In this example, the code fills missing values in the MSZoning
column based on the mode of values for each group in the MSSubClass
column. It works as expected when MSSubClass
has no NaN values.
features = pd.DataFrame(
{
"MSZoning": [1, np.nan, 2, 3, 4, 5, 6, np.nan],
"MSSubClass": ["a", "a", "a", "a", "b", "b", "b", "b"],
}
)
features['MSZoning'] = features.groupby('MSSubClass')['MSZoning'].transform(lambda x: x.fillna(x.mode()[0]))
list(features["MSZoning"])
# [1.0, 1.0, 2.0, 3.0, 4.0, 5.0, 6.0, 4.0]
However, when MSSubClass
contains missing values, the code doesn’t behave as expected, leaving some missing values in MSZoning
.
features = pd.DataFrame(
{
"MSZoning": [1, np.nan, 2, 3, 4, 5, 6, np.nan],
"MSSubClass": ["a", "a", np.nan, "a", np.nan, "b", "b", "b"],
}
)
features['MSZoning'] = features.groupby('MSSubClass')['MSZoning'].transform(lambda x: x.fillna(x.mode()[0]))
list(features["MSZoning"])
# [1.0, 1.0, nan, 3.0, nan, 5.0, 6.0, 5.0]

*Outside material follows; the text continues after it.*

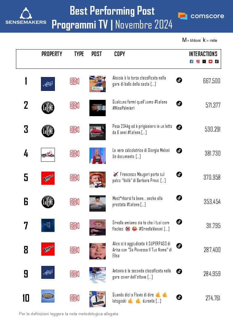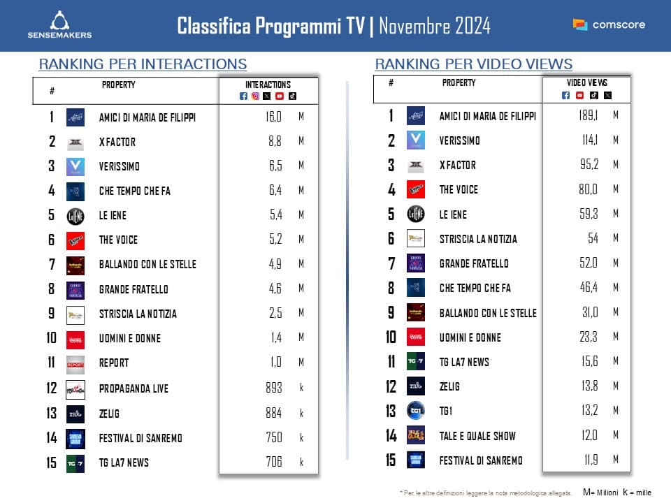 Pubblicata la classifica dei Top 15 programmi TV italiani più attivi sui social a novembre, elaborata da Sensemakers in collaborazione con Prima Online, sulla base dei dati Comscore Social rilevati monitorando interazioni e video views sulle principali piattaforme social (Facebook, Instagram, TikTok, Twitter, YouTube).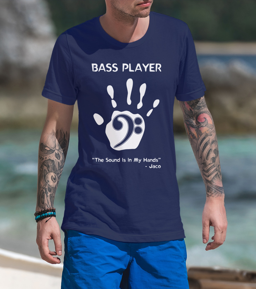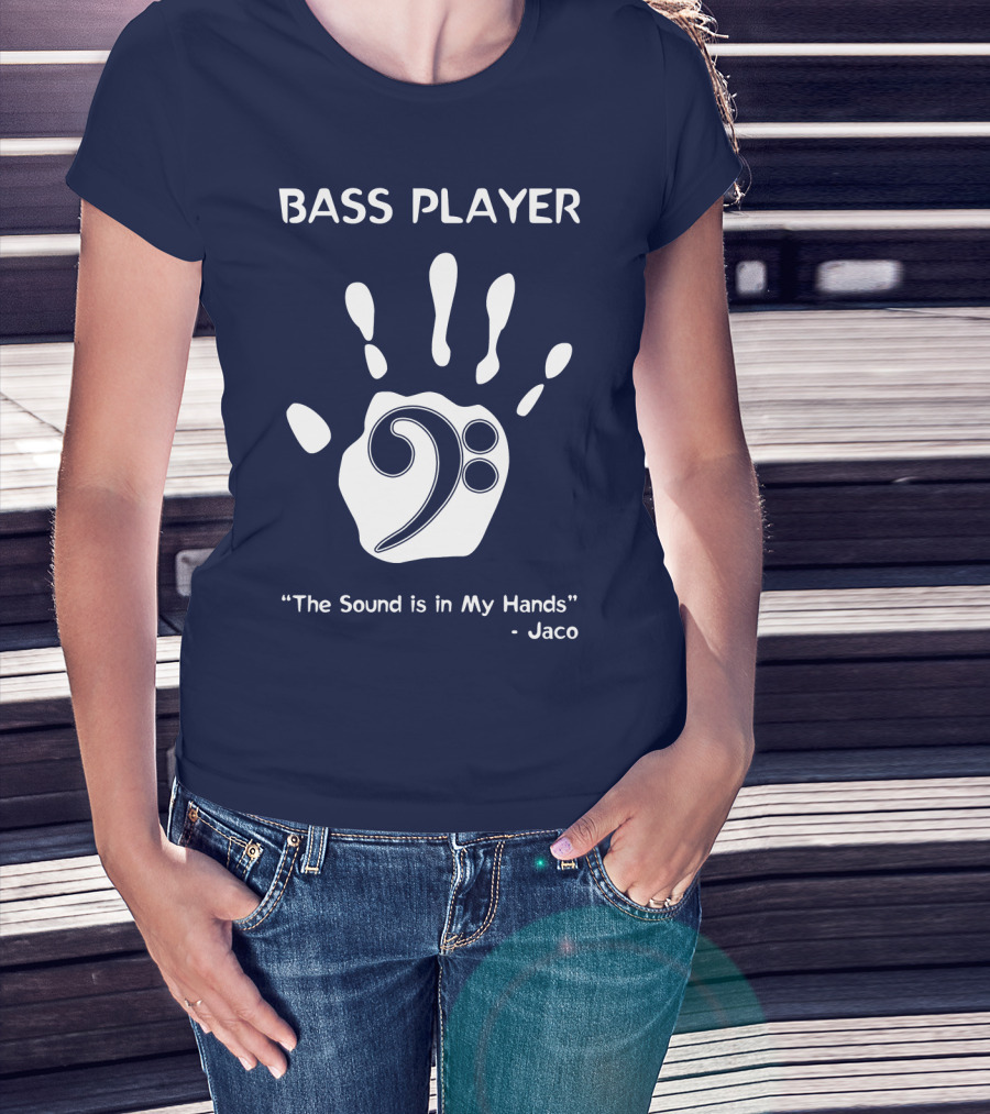 Bass Player The Sound Is In My Hands Jaco Handprint Clef T-Shirt

Neglecting to address edge cases can lead to problems in real-world applications.
Solution
We can use unit tests to test for edge cases:
def fill_missing_values_with_mode_in_a_group(
df: pd.DataFrame, group_column: str, target_column: str
) -> pd.DataFrame:
df[target_column] = df.groupby(group_column)[target_column].transform(
lambda x: x.fillna(x.mode()[0])
)
return df
def test_fill_missing_values_with_mode_in_a_group():
data = pd.DataFrame(
{
"col1": [1, np.nan, 2, 3, 4, 5, 6, np.nan],
"col2": ["a", "a", np.nan, "a", np.nan, "b", "b", "b"],
}
)
imputed_data = fill_missing_values_with_mode_in_a_group(
df=data,
group_column="col2",
target_column="col1",
)
assert imputed_data['col1'].isnull().sum() == 0, "There are missing values in the column."AssertionError: There are missing values in the column.
assert 2 == 0
AssertionError: There are missing values in the column.
assert 2 == 0
… and adjust the code to account for edge cases:
def fill_missing_values_with_mode_in_a_group(
df: pd.DataFrame, group_column: str, target_column: str
) -> pd.DataFrame:
if df[group_column].isna().any():
raise ValueError(
f"The {group_column} used for grouping cannot contain null values"
)
df[target_column] = df.groupby(group_column)[target_column].transform(
lambda x: x.fillna(x.mode()[0])
)
return df
def test_fill_missing_values_with_mode_in_a_group():
with pytest.raises(ValueError):
data = pd.DataFrame(
{
"col1": [1, np.nan, 2, 3, 4, 5, 6, np.nan],
"col2": ["a", "a", np.nan, "a", np.nan, "b", "b", "b"],
}
)
imputed_data = fill_missing_values_with_mode_in_a_group(
df=data,
group_column="col2",
target_column="col1",
)
Conclusion
This article discusses common challenges encountered in data science projects and provides some practical solutions to address them. Please note that this article does not exhaust all possible solutions, but rather offers a selection of strategies that may help overcome these issues.